Литмир - Электронная Библиотека
A
A

В молодости она обожала альбомы, переплетенные в сафьян, была байронически бледна, и все-таки душа ее не вмещалась в рамках своей эпохи. Чайковский обрел в Людвике свое дополнение, признал ее превосходство и бесповоротно подчинился ей. Это под ее влиянием он без особых раздумий принял мусульманство. Дочь Енджея Снядецкого во взглядах своих далеко опередила современных ей женщин; она отличалась непреоборимой склонностью к эмансипации.

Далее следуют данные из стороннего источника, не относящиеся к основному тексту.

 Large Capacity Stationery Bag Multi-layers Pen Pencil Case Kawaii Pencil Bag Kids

Дом Садыка-паши стоит на холме над Босфором. Большая деревянная усадьба. Людвика Снядецкая, привлеченная сначала экзотикой Востока, в дальнейшем не намеревалась играть роль байроновских героинь. В этих мерцающих рубинами краях, в этих краях, похожих на поэмы лорда Байрона, сидя взаперти в деревянных хоромах, она сразу же погрузилась в хитросплетения дипломатических интриг, не боясь запутаться в их сетях. Усадьба превратилась вскоре в политическое агентство. Чайковский отлично почувствовал себя на турецкой земле. Он верил, что полякам назначено судьбой отважно рубиться саблями и нюхать порох; он питал отвращение к европейской цивилизации, которая не давала выхода его огненному темпераменту. Он и впрямь был создан для коня и сабли.

* * *

Вскоре Садык-паша возвратился в лагерь под Бургасом и стал ожидать там приезда Мицкевича с молодым князем.

Четвертого октября Мицкевич вступил на борт английского корабля «Патрик» и, переночевав в каюте, утром отправился в Бургас. Князь Владислав на этом же корабле вез мундиры для второго казачьего полка. В лагере под Бургасом 14 казачьих сотен приветствовали прибывших.

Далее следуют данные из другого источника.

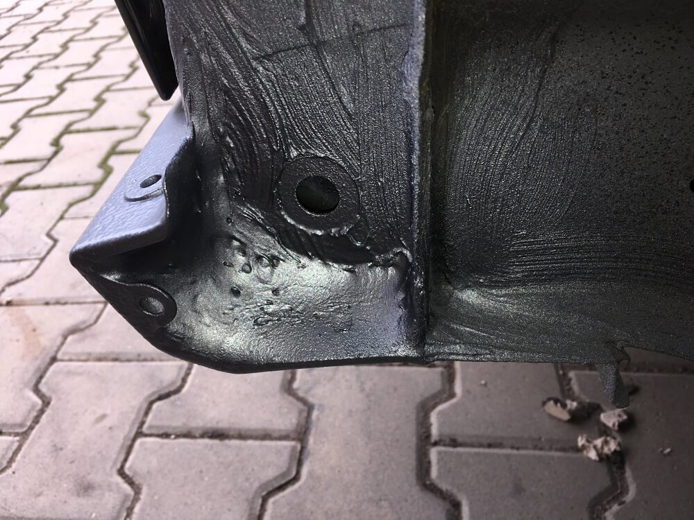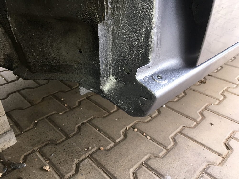 Osetreni jsem vzal relativne poctive - 3-4x vrstva epoxy Brunox na zastaveni koroze, karosarsky tmel na spary prahu, 3x vrstva plnice a spousta brouseni, 3x finalni barva rozstrikem + 3x lak rozstrikem (do 15min po barve). Spodky/vnitrky blatniku a prahy jsem vzal jeste Body nastrikem.

Два польских полка, составленных преимущественно из казаков, стояли лагерем под Бургасом, оглашая воздух бряцанием шпор и гомоном. С холма открывался широкий вид на темно-синее в этот миг море. Темные клубящиеся тучи висели низко над головами. Спускались сумерки, зажглись тысячи костров.

Наступала ночь, небо было затянуто тучами. Пространство между землей и небом сокращалось и как бы сгущалось. Казаки Садыка-паши в свете бивачных огней выглядели экзотично даже на этой земле. Экзотика их располагалась не в пространстве, а во времени. Фигуры их воскрешали Запорожскую Сечь, вызывали смутную память о делах давно минувших; они были удивительно чужды своему времени, в той новой роли, которую навязала им чужая, непостижимая для них воля Садыка-паши.

Бараньи шапки, высокие сапоги, усатые лица, пики и бунчуки — все это было уже несколько театрально, как будто эти люди позировали Истории для живой картины.

Спутанные кони топтали давно общипанный луг, покусывали друг друга и ржали. Печальный визг несся в темноту, сливаясь с бренчанием оружия и отдаленным рокотом моря.

Вскоре произошла встреча Мицкевича с Садыком-пашой. Садык-паша в эти дни как раз яростно пререкался с графом Замойским. Граф, получив от своих британских покровителей генеральское звание, которого долго добивался, ибо со званием этим был связан высокий оклад, вербовал офицеров и солдат в полк, который должен был состоять на жалованье у англичан. Мицкевич доверял Чайковскому, план Замойского считал диверсионным, отвлекающим, гневался на то, что граф подчиняет духовные цели целям материальным. Перед поэтом стоял в эту минуту в турецком шатре Садык-паша, а собственно — Михал Чайковский, польский шляхтич. Плотный, крепко сбитый, лицом похожий на кречета, чернобородый, в феске со звездой и полумесяцем. Плащ с откидными рукавами, золотые эполеты, ордена на груди. Ударял по эфесу сабли, когда говорил о Замойском.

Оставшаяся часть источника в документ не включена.